И почему-то вспомнился сон про моё обручальное кольцо. Тяжёлый сон, не буду о нём писать. Но Наташа про своё кольцо рассказала:
— Оно мне маленечко великовато было, порой ничего, это когда я поправлялась. Не снимала его никогда. Туговато в семье стало, помнишь, время какое пошло.
— А как же не помнить, всё было — и талонная система, и перестройка, и прилавки пустые, всё было, — повторилась я, на секунду окунувшись в восьмидесятые.
— Так вот, я стала на дому заказы принимать, торты делать. Кому на свадьбу, кому на день рождения, на юбилей какой. Покупали, я на совесть делала, вкусно. Много денег не брала, всё по совести.
В этом я не сомневалась, зная Наташину совесть, добавила:
— Ещё бы не брали, ела твою выпечку, знаю, — и проглотила слюну, словно вновь откусила с ливером Наташин пирожок. Вкусно. Через открытую балконную дверь на кухню залетела птичка — необычная, чуть больше воробья, а клюв длиннее в два раза. Я таких не видела, Наташа тоже.
— О, это не к добру.
— К добру, Наташа, к добру, к весточке какой-либо. К хорошей, — добавляю, а самой как-то не по себе стало. Птичка полетала по кухне и тут же вылетела.

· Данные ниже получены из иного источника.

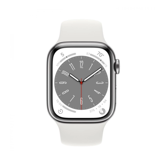 Описание Б/У Смарт-часы Apple Watch 8 + LTE 41mm Silver Stainless Steel Case with White Sport Band (Отличное)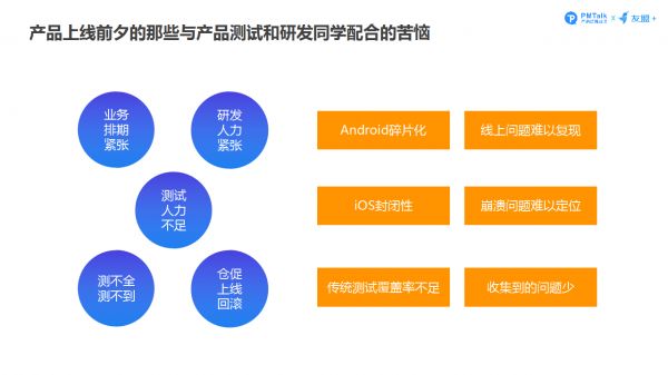 第二部分是产品测试。现在的测试碎片化很严重,如果产品崩溃,很难确定是哪里出了问题。另外在产品测试上,人力紧张一直是个问题。比如今天布置的任务,给出的测试期限是1天半,那么如何减少成本,提高测试的深度和广度,并能免去昂贵的产品维护费,是很多产品经理需要解决的问题。

— Не захотела с нами торт поесть. Косточкой боится подавиться, — подшучиваю. А Наташа продолжила свою тему:
— Однажды много заказов было, а потом выходной, мы с мужем на речку поехали. А я смотрю, а на руке кольца нет.
— Может, в воде спало, — подумалось мне, и озвучила это вслух.
— То-то и оно что нет, не так бы обидно было. Я ведь ещё в воду не зашла, а кольца уже не было. Это я когда тесто замешивала или крем для тортов, там оно у меня и соскользнуло. Не почувствовала. И ведь никто не отдал. — Наташа запечалилась, словно произошло это на днях. — Оно мне было очень дорого, Валя. Очень. Потом после этого кольца словно жизнь наперекосяк пошла…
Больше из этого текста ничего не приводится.